Some individuals have proposed serving as their own trustee. This clearly will not work. The law was designed to require a financially qualified disinterested third party handle the accounts. Health Savings Accounts may be self-directed but not self-administered.
Choice of trustee
Other applicants want to use their current bank or investment company as trustee but a large majority of financial firms do not offer administrative services for Health Savings Accounts. There are three reasons for the apparent lack of interest among financial companies: 1) the Health Savings Account market is too small at this time to be profitable for most firms, 2) there is a belief that most Health Savings Accounts will have small account balances, 3) the banks that specialize in Health Savings Accounts offer the service so inexpensively (some are free) that other firms find it difficult to compete. For the next few years at least, most Health Savings Accounts are likely to be held by a small handful of banks that specialize in providing this service.

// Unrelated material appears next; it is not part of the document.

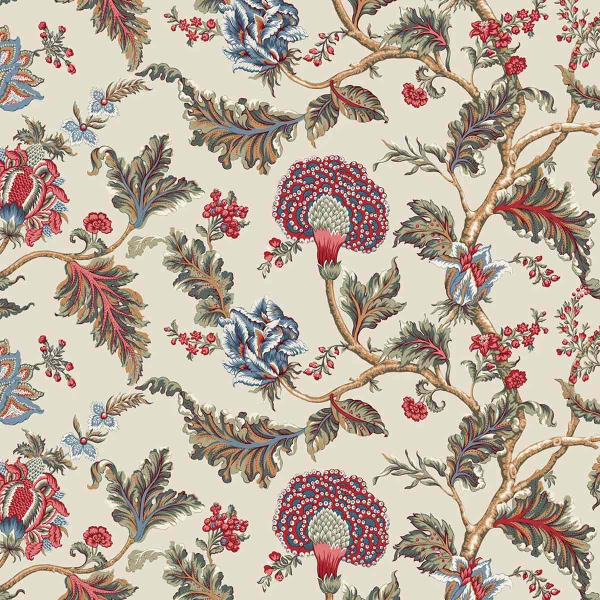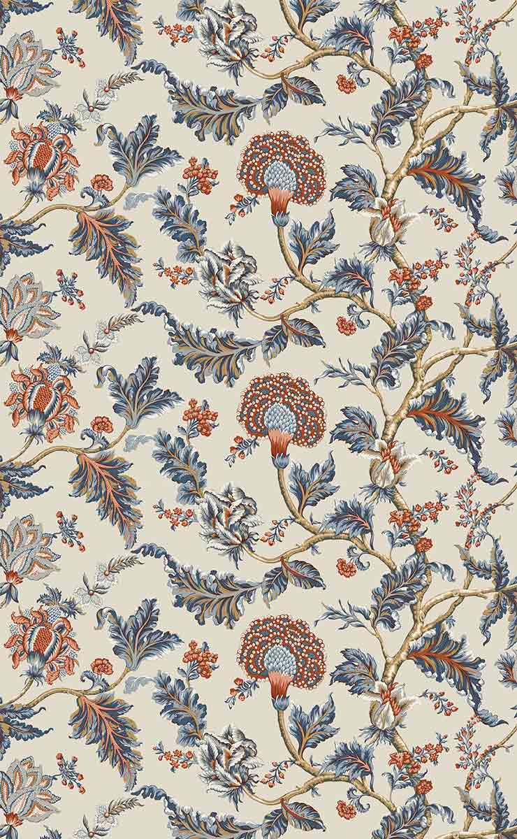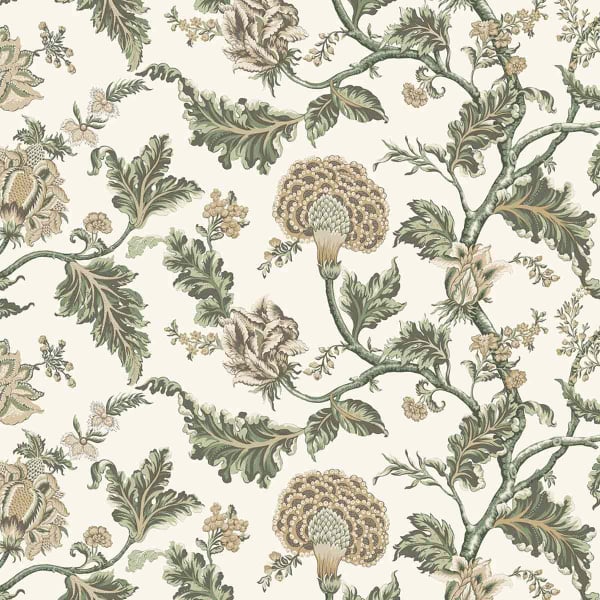 Le papier peint Monroe déploie un motif floral jacobéen, fait de feuilles luxuriantes et de fleurs aux multiples couches. Les branches sinueuses tracent un chemin libre, dans une composition végétale aux proportions impressionnantes. Chaque détail révèle une grande finesse de dessin. Ce revêtement signé York Wallcoverings évoque les ornements des anciens textiles décoratifs.

No verification of eligibility required
The IRS does not require trustees to verify an applicant’s eligibility for a Health Savings Account before opening an account. This is good news for the trustee but bad for taxpayers. Anyone can open an account, pay the administrative fees and then be informed later by the IRS that they are not eligible for the deduction. The result is a notice from the IRS that additional taxes and interest are due on the Health Savings Account deposits. The applicant has no recourse against the account trustee.
In summary, applicants who stick to mainstream providers of Health Savings Accounts will have no problems. Both the health insurance company and the trustee should deliver clear written verification that the plan is compliant with current law. Those who try to interpret the new law in favor of their own situation are likely to be caught in an IRS compliance “matching” audit. Current Health Savings Account law may be discriminatory and, in fact, not what the original lawmakers intended, but nevertheless is the framework under which the new Health Savings Accounts will operate in 2004.